* [Task instructions]:
Within the listing below, please copy exactly the lines between the line holding "ORACE-Net on-body mobile" and the line holding "微軟及南屏國小秉持對未來人才", inclusive.

* [Material supplied]:
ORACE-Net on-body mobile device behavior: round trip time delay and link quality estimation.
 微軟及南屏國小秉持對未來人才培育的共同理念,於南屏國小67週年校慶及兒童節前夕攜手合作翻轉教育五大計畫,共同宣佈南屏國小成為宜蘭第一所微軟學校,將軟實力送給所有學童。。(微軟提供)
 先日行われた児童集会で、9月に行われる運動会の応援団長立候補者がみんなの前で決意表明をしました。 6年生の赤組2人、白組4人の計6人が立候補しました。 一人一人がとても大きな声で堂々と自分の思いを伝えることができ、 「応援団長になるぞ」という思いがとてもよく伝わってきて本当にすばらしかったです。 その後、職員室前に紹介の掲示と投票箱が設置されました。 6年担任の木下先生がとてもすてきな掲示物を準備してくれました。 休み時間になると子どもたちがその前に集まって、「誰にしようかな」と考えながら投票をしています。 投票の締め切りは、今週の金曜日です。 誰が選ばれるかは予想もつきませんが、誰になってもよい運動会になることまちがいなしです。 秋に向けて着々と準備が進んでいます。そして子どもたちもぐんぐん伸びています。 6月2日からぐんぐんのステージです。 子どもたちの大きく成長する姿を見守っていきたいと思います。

==

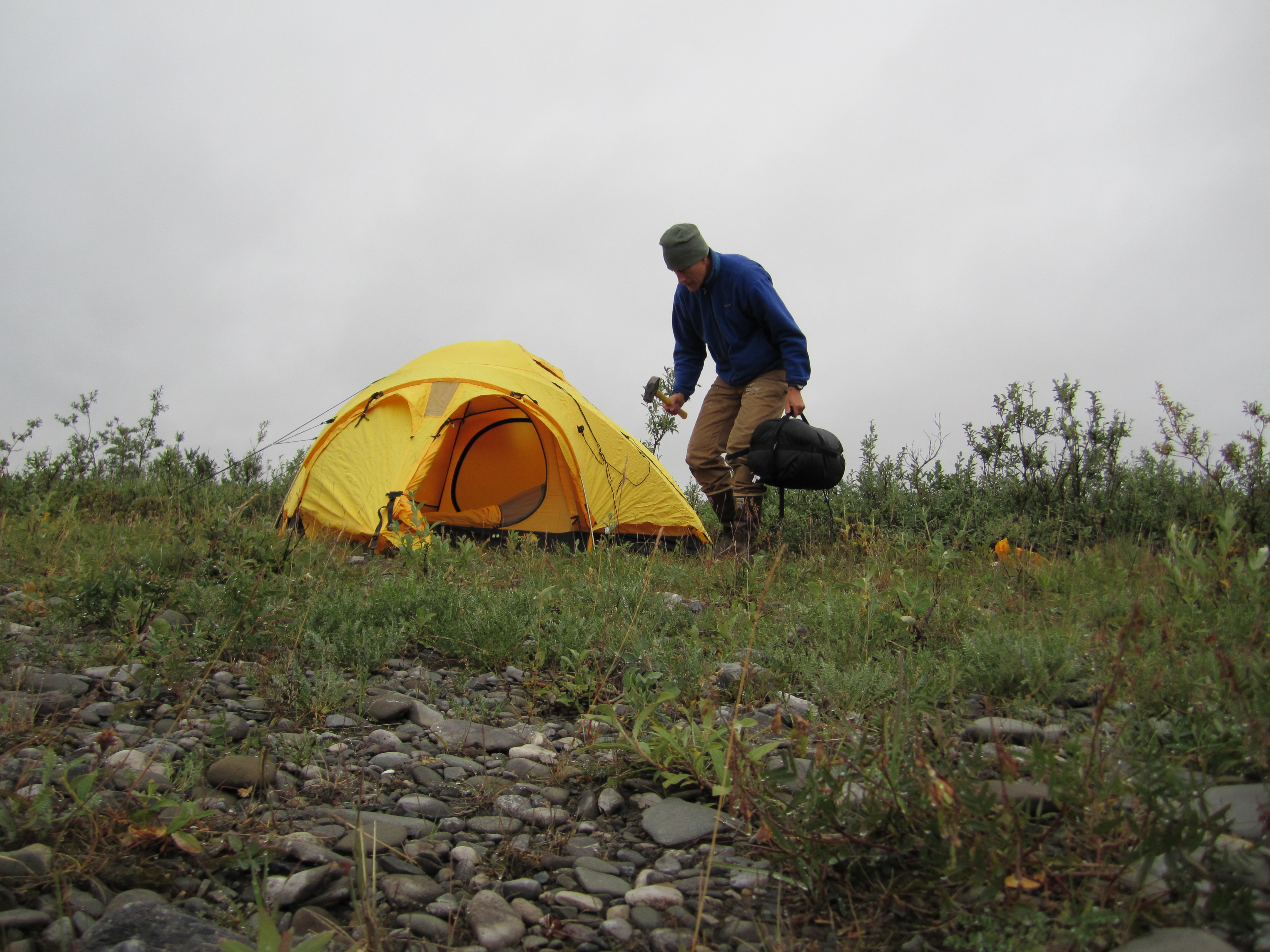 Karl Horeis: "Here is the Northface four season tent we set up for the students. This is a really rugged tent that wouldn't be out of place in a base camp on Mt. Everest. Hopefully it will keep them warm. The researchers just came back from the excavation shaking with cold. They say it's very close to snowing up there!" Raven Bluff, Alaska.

* [Answer area]:
ORACE-Net on-body mobile device behavior: round trip time delay and link quality estimation.
 微軟及南屏國小秉持對未來人才培育的共同理念,於南屏國小67週年校慶及兒童節前夕攜手合作翻轉教育五大計畫,共同宣佈南屏國小成為宜蘭第一所微軟學校,將軟實力送給所有學童。。(微軟提供)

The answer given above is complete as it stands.